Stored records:
****
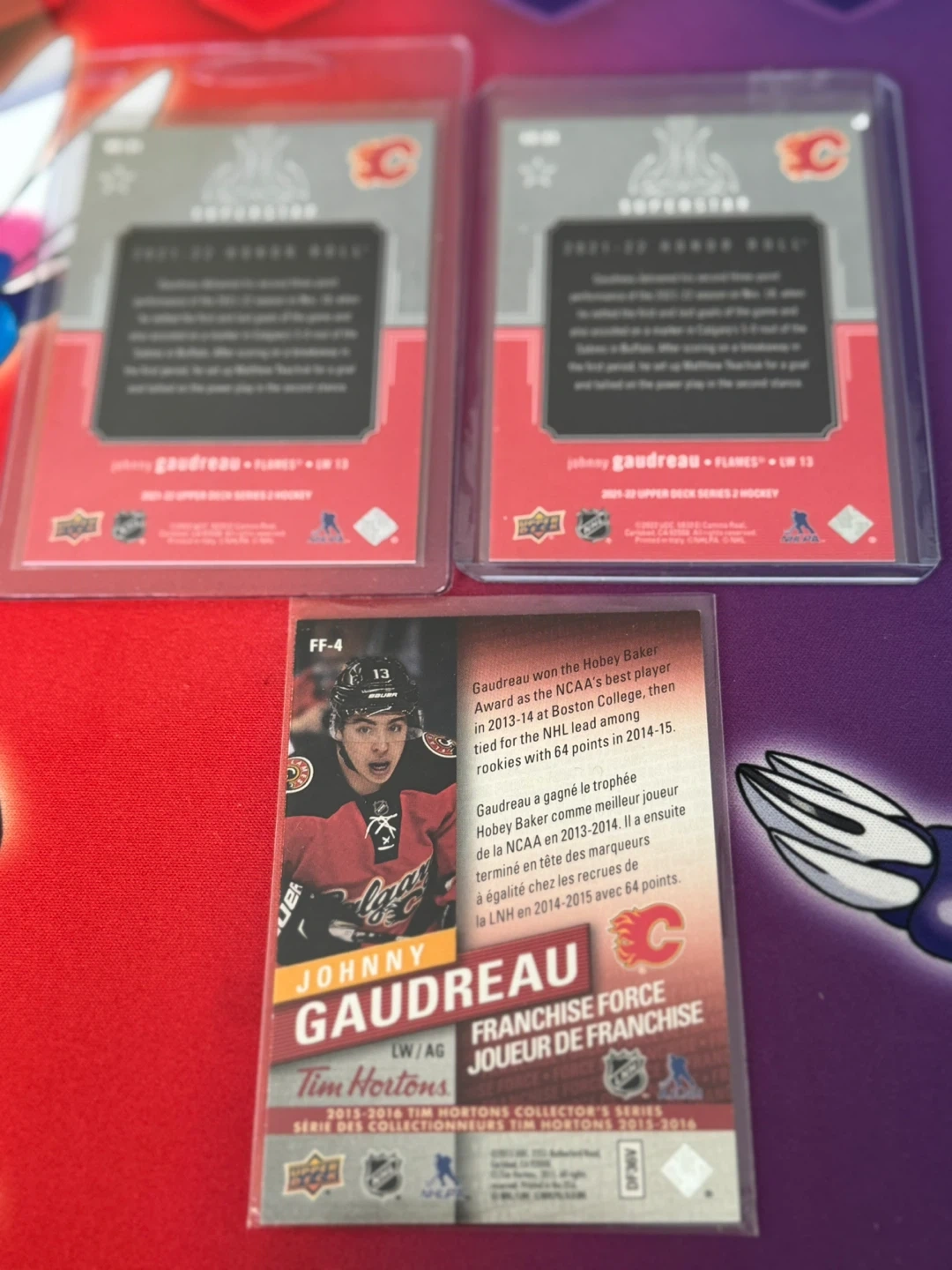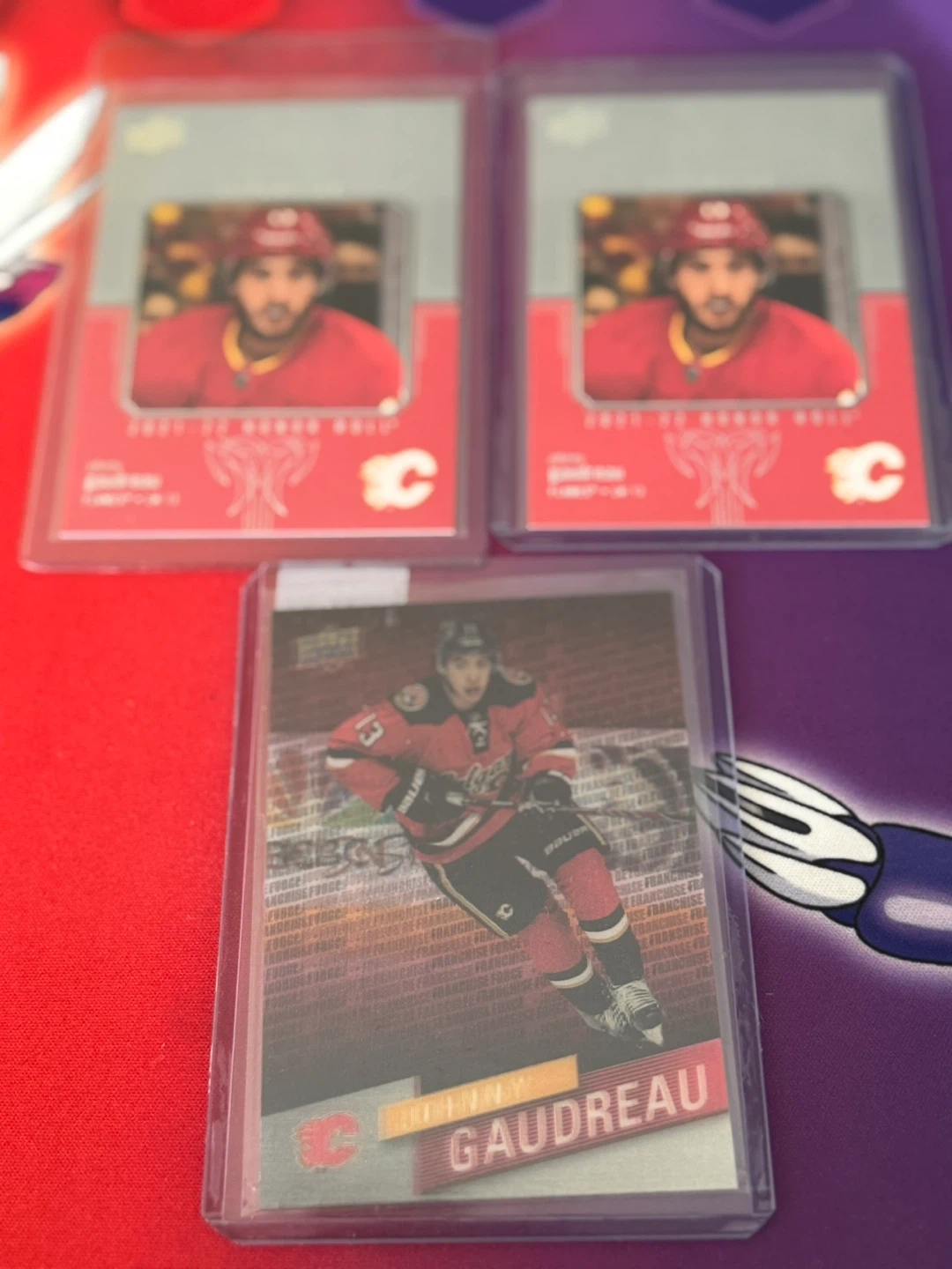 Selling a few Johnny Gaudreau hockey cards. One is from the 2015-2016 Tim Hortons collector's series, and two are from the 2021-22 Upper Deck Series 2 Hockey set. Great for any Flames fan!
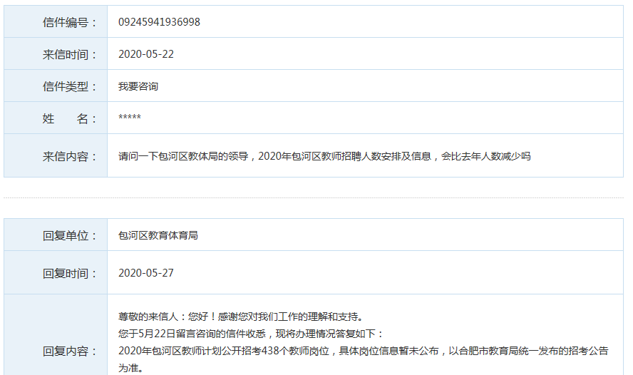 来信内容:请问一下包河区教体局的领导,2020年包河区教师招聘人数安排及信息,会比去年人数减少吗
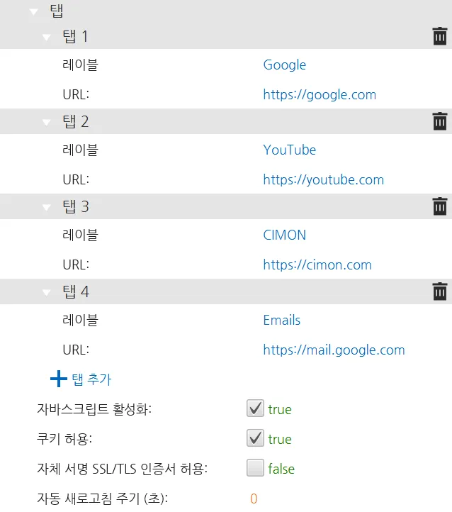 - 탭 추가 버튼을 클릭합니다. 지정된 레이블 및 URL로 여러 개의 다른 탭을 추가합니다.
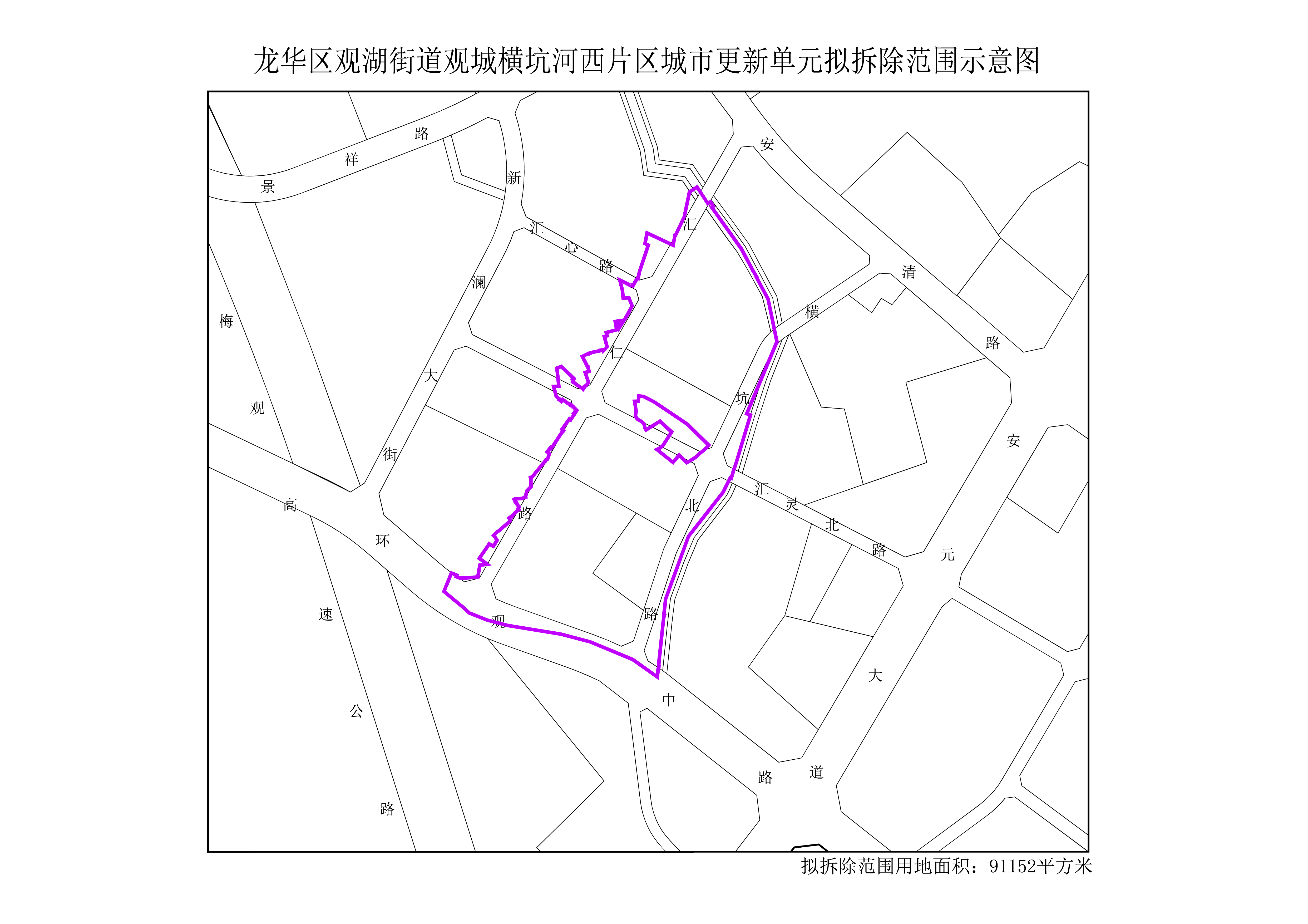 附件1:龙华区观湖街道观城横坑河西片区城市更新单元拟拆除范围示意图
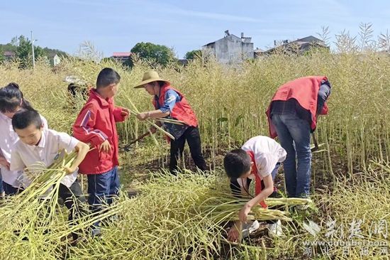 荊楚網(wǎng)(湖北日報網(wǎng))訊(通訊員劉志勇)“田間少閑月,五月人倍忙”。轉(zhuǎn)眼間,紅安縣永河小學(xué)勞動實踐基地里的油菜進入收獲期,5月12日,永河小學(xué)各班師生趁著晴好天氣搶收油菜,現(xiàn)場一派繁忙的豐收景象。
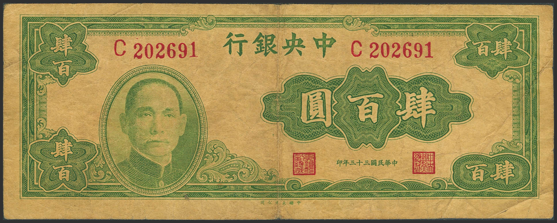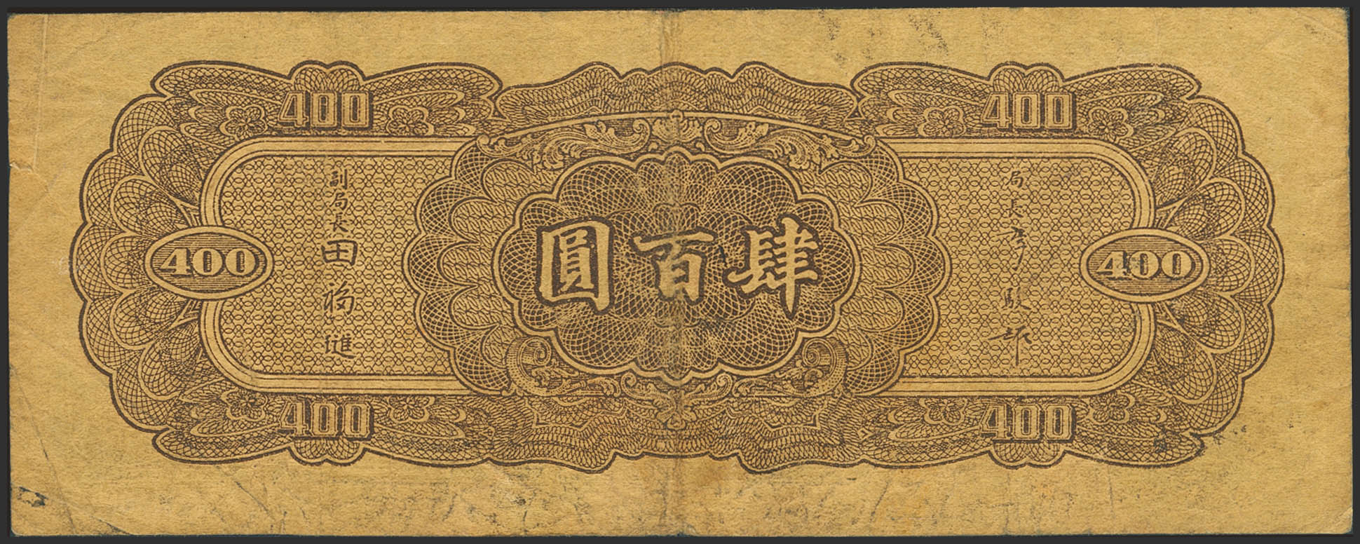 CHINA. 400 Yuan. 1944. Central Bank of China. (Pick: 263). More than Fine.
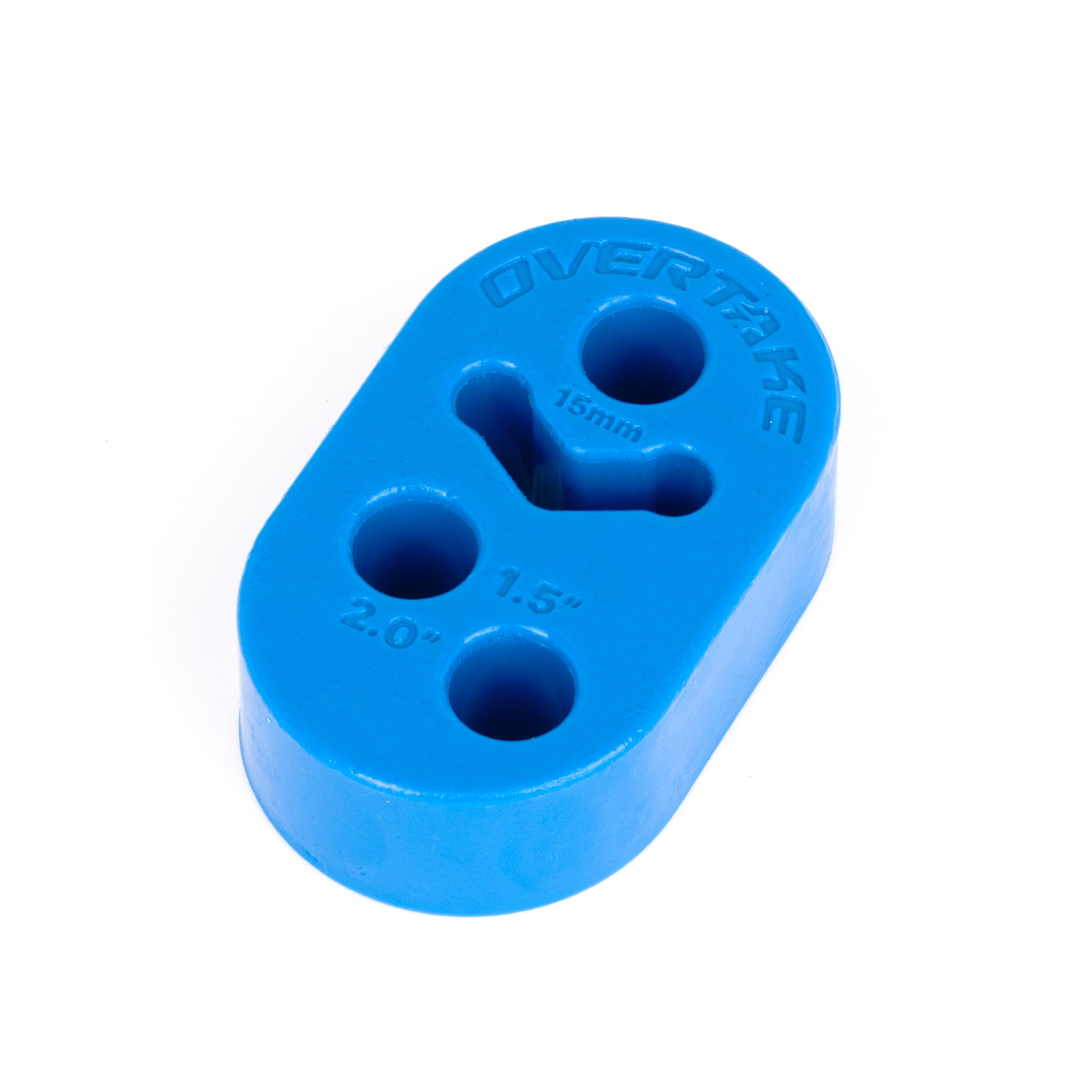 Molded from a striking blue 70A durometer polyurethane, Overtake hangers offer a substantial upgrade in rigidity over the factory rubber hangers, while still being pliable enough for a hassle-free installation. The 15mm hanger diameter is the perfect fit for most 1993-2007 Subaru models, especially the WRX, STI, and Forester XT!
****
**Problem description:** The required output is the exact lines from the opening line of the entries through the line with "CHINA. 400 Yuan.", inclusive, without pictures.

**Task output:**
 Selling a few Johnny Gaudreau hockey cards. One is from the 2015-2016 Tim Hortons collector's series, and two are from the 2021-22 Upper Deck Series 2 Hockey set. Great for any Flames fan!
 来信内容:请问一下包河区教体局的领导,2020年包河区教师招聘人数安排及信息,会比去年人数减少吗
 - 탭 추가 버튼을 클릭합니다. 지정된 레이블 및 URL로 여러 개의 다른 탭을 추가합니다.
 附件1:龙华区观湖街道观城横坑河西片区城市更新单元拟拆除范围示意图
 荊楚網(wǎng)(湖北日報網(wǎng))訊(通訊員劉志勇)“田間少閑月,五月人倍忙”。轉(zhuǎn)眼間,紅安縣永河小學(xué)勞動實踐基地里的油菜進入收獲期,5月12日,永河小學(xué)各班師生趁著晴好天氣搶收油菜,現(xiàn)場一派繁忙的豐收景象。
 CHINA. 400 Yuan. 1944. Central Bank of China. (Pick: 263). More than Fine.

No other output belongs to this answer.